Collaborating with other councils
I’m really big on opening doors and offering to support other councils, knowing that they’re doing great things as well, and we can learn from them. We’ve spent a tremendous amount of time individually with councils. They’ve heard about the awards that Devonport City Council has won. They want to go that direction. They don’t know how, and they ask Devonport, how did you do it? What can you do to help us out?
We also formed LG professionals, or Local Government Professionals Tasmania, an innovation and digital transformation special interest group. A lot of great partners are now involved in that, including AvePoint. It’s about bringing councils together so that we can learn from each other. How do we drive initiatives within our organization?
What I found is, and I very much agree in presentations that I’ve done before, KPMG had an article in 2018 that indicated that councils have a lack of leadership skill and resources they need in order to drive that digital transformation, and all these councils are facing that same struggle. And particularly in Tasmania, it’s hard to secure the skills that you need to drive these sort of transformation.

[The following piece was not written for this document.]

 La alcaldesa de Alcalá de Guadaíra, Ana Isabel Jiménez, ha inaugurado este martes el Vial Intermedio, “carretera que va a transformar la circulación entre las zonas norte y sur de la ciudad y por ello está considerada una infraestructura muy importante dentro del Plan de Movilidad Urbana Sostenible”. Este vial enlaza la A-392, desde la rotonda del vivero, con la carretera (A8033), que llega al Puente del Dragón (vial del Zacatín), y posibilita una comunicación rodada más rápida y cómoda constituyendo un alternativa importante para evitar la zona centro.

And so really for us, it’s just about bringing these councils together to offer assistance. I’ve spent a lot of time with councils, working directly with their leadership teams, and other key staff to try and help get them onto the path of improving. And some have started, others are still trying to find their way, but they’re all willing to go that direction.
Roadblocks to change
In local government and government, they’re not having to chase anymore revenue. If you’re a citizen in our municipality, you’re paying your rates, whether you like it or not. And it’s secured revenue. Unfortunately, I think that drives a different sort of mindset. And it’s not one of focused on operating lean.
I think because government and local governments are not chasing the revenue, they’re not as incentivized to strip the waste out of their operations. If they were, they would look to improve their processes, which means that they have to invest in systems that are going to better enable those efficient processes. So again, it’s leadership skills and resources. The only way this is going to work for any council is that they need to be able to engage individuals with the right skills so that they’re going to have to commit the resources to that. And leadership is going to have to be completely behind it and deeply engaged in that change.

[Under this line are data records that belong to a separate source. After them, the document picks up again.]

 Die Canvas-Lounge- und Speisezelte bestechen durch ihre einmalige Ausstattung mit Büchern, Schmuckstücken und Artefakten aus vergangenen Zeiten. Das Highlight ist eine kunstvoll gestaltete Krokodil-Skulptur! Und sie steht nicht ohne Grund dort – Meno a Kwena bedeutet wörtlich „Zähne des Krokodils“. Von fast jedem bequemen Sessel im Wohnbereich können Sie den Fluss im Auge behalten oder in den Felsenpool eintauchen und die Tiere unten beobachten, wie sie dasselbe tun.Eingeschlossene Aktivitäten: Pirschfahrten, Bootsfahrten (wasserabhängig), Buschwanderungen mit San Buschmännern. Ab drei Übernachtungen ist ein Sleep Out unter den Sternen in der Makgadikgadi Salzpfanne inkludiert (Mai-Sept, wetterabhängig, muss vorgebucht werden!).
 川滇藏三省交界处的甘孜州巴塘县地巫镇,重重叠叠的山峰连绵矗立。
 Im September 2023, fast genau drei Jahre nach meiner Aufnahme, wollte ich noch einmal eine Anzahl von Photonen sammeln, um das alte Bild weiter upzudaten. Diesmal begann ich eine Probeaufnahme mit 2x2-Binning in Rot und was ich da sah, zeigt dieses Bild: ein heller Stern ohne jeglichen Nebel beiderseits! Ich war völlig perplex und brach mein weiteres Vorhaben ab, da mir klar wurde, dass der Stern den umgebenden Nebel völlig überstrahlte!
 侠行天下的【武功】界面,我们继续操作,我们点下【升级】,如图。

Make #ShiftHappen as a leader in the public sector
If I’m going to boil it down to the basics, I say that every system you have should be moved to the cloud. You don’t want to own and support technology if it’s not your core business. Move it to the cloud and that frees and unchains the employee from their desk and allows them to work anywhere, anytime to support the community and to improve their collaboration with each other. It must be full mobility to support that migration to the cloud.

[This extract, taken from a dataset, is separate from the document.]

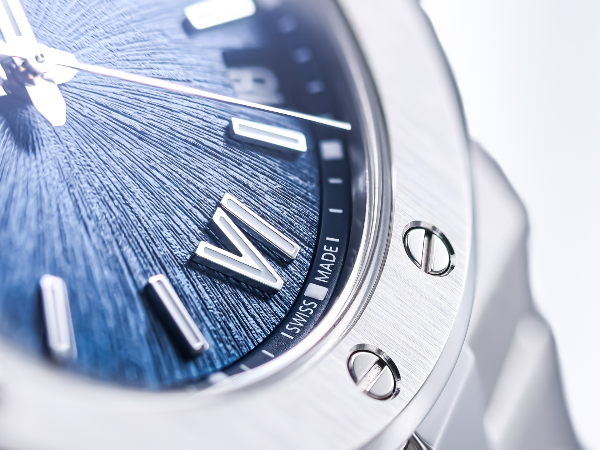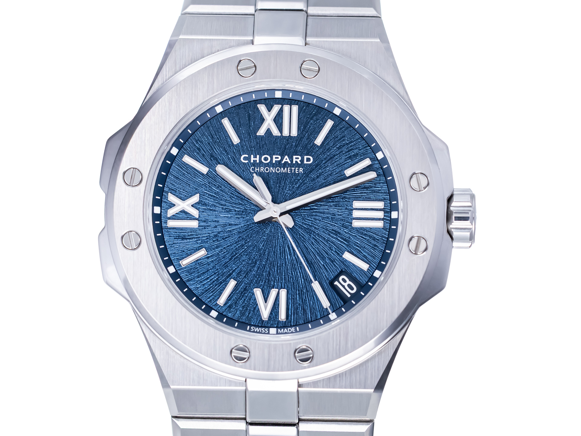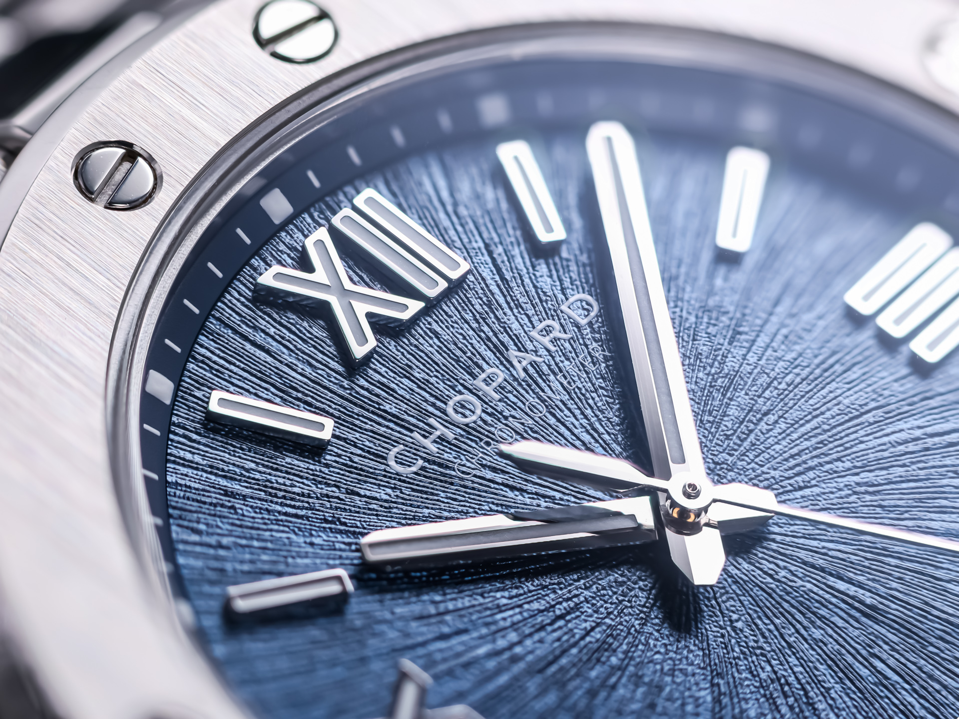 The 41 mm case, made from Chopard's own Lucent Steel A223, offers remarkable brilliance and durability. The vertically brushed bezel is secured with eight functional screws in a compass rose orientation – a characteristic design feature of the Alpine Eagle. The integrated bracelet flows seamlessly into the case and is finished with a sophisticated mix of satin-brushed and polished surfaces.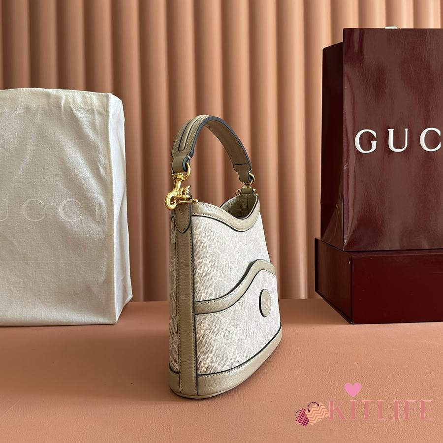 Kitlife Gucci Mini Bucket Bag Natural Canvas Brown Leather Trim - 782908 - 18.5x20.5x12.5cm

And then lastly, councils are overly complex for a host of reasons, so you must simplify. So, cloud, mobile, simplify. That must be on the mind of every leader and every council. And every dollar they spend and every project they run must link back to those three things.
Today’s takeaway from Jeffrey:
“Often, organizations become very static. They tend not to drive a lot of change. But you have to build up your change muscle if you want to transition from that period of resistance to a radically transformed culture where your employees become tremendous innovators in their own right who drive change themselves.”